Song Xiuguang, Pi Rendong, Zhang Yu, Wu Jianqing, Dong Yuhuan, Zhang Han, Zhu Xinyuan
School of Qilu Transportation, Shandong University, Jinan 250061, China.
Suzhou Research Institute, Shandong University, Suzhou 215123, China.
Int J Environ Res Public Health. 2021 May 15;18(10):5271. doi: 10.3390/ijerph18105271.

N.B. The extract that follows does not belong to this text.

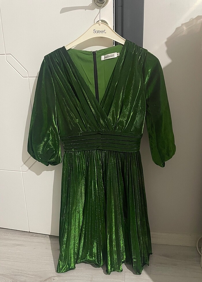 Çok güzel zümrüt yeşili elbise
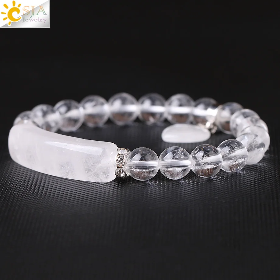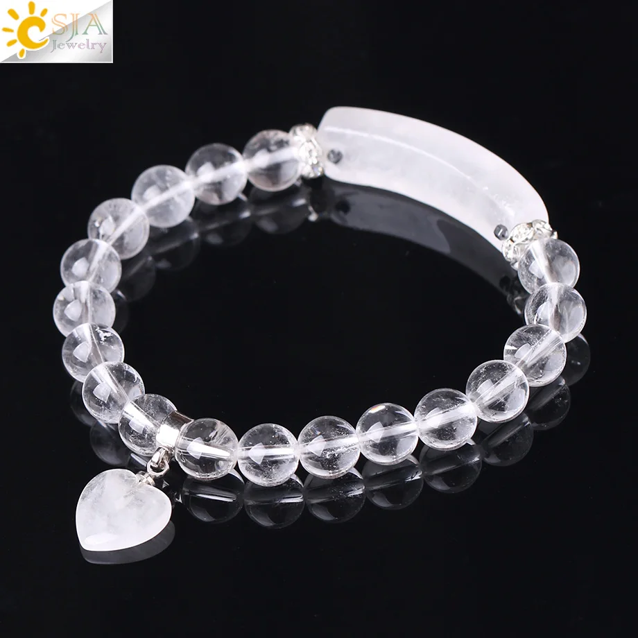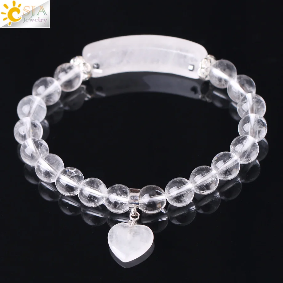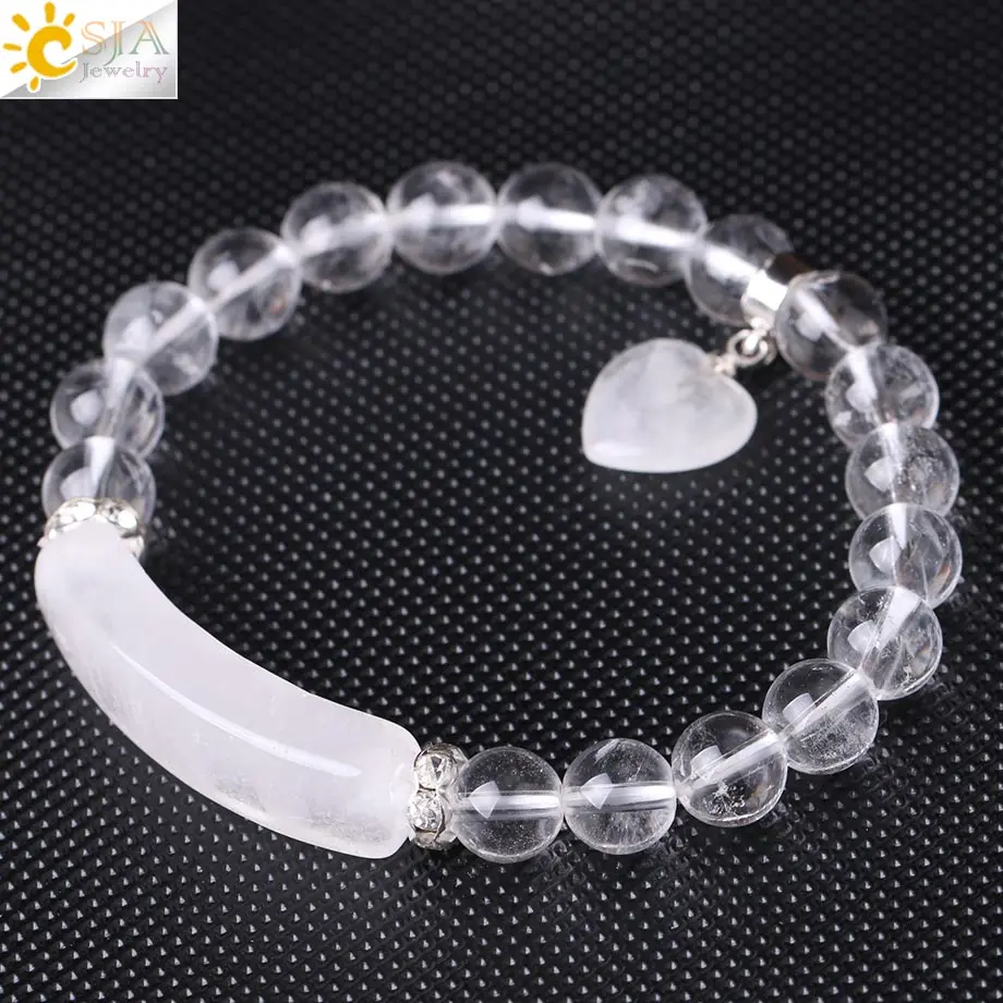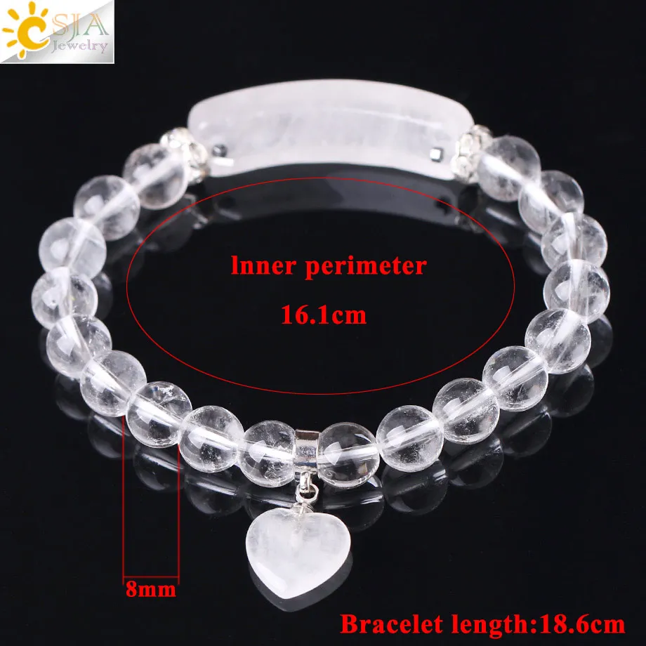CSJA Reiki Boho Natural Gem Stone White Clear Quartz Rock Crystal Bracelet for Men Women Lover Heart Pendant Chakra Jewelry F277

Multi-vehicle (MV) crashes, which can lead to great damages to society, have always been a serious issue for traffic safety. A further understanding of crash severity can help transportation engineers identify the critical reasons and find effective countermeasures to improve transportation safety. However, studies involving methods of machine learning to predict the possibility of injury-severity of MV crashes are rarely seen. Besides that, previous studies have rarely taken temporal stability into consideration in MV crashes. To bridge these knowledge gaps, two kinds of models: random parameters logit model (RPL), with heterogeneities in the means and variances, and Random Forest (RF) were employed in this research to identify the critical contributing factors and to predict the possibility of MV injury-severity. Three-year (2016-2018) MV data from Washington, United States, extracted from the Highway Safety Information System (HSIS), were applied for crash injury-severity analysis. In addition, a series of likelihood ratio tests were conducted for temporal stability between different years. Four indicators were employed to measure the prediction performance of the selected models, and four categories of crash-related characteristics were specifically investigated based on the RPL model. The results showed that the machine learning-based models performed better than the statistical models did when taking the overall accuracy as an evaluation indicator. However, the statistical models had a better prediction performance than the machine learning models had considering crash costs. Temporal instabilities were present between 2016 and 2017 MV data. The effect of significant factors was elaborated based on the RPL model with heterogeneities in the means and variances.
多车碰撞事故会给社会带来巨大损失,一直是交通安全领域的严重问题。深入了解碰撞严重程度有助于交通工程师找出关键原因并找到有效的应对措施,以提高交通安全。然而,很少有研究涉及使用机器学习方法来预测多车碰撞事故中受伤严重程度的可能性。除此之外,以往的研究在多车碰撞事故中很少考虑时间稳定性。为了填补这些知识空白,本研究采用了两种模型:均值和方差具有异质性的随机参数logit模型(RPL)和随机森林(RF),以识别关键影响因素并预测多车碰撞受伤严重程度的可能性。从美国华盛顿州高速公路安全信息系统(HSIS)提取的三年(2016 - 2018年)多车碰撞数据被用于碰撞受伤严重程度分析。此外,还对不同年份之间的时间稳定性进行了一系列似然比检验。采用四个指标来衡量所选模型的预测性能,并基于RPL模型具体研究了四类与碰撞相关的特征。结果表明,以整体准确率作为评估指标时,基于机器学习的模型比统计模型表现更好。然而,考虑碰撞成本时,统计模型的预测性能比机器学习模型更好。2016年和2017年的多车碰撞数据之间存在时间不稳定性。基于均值和方差具有异质性的RPL模型阐述了显著因素的影响。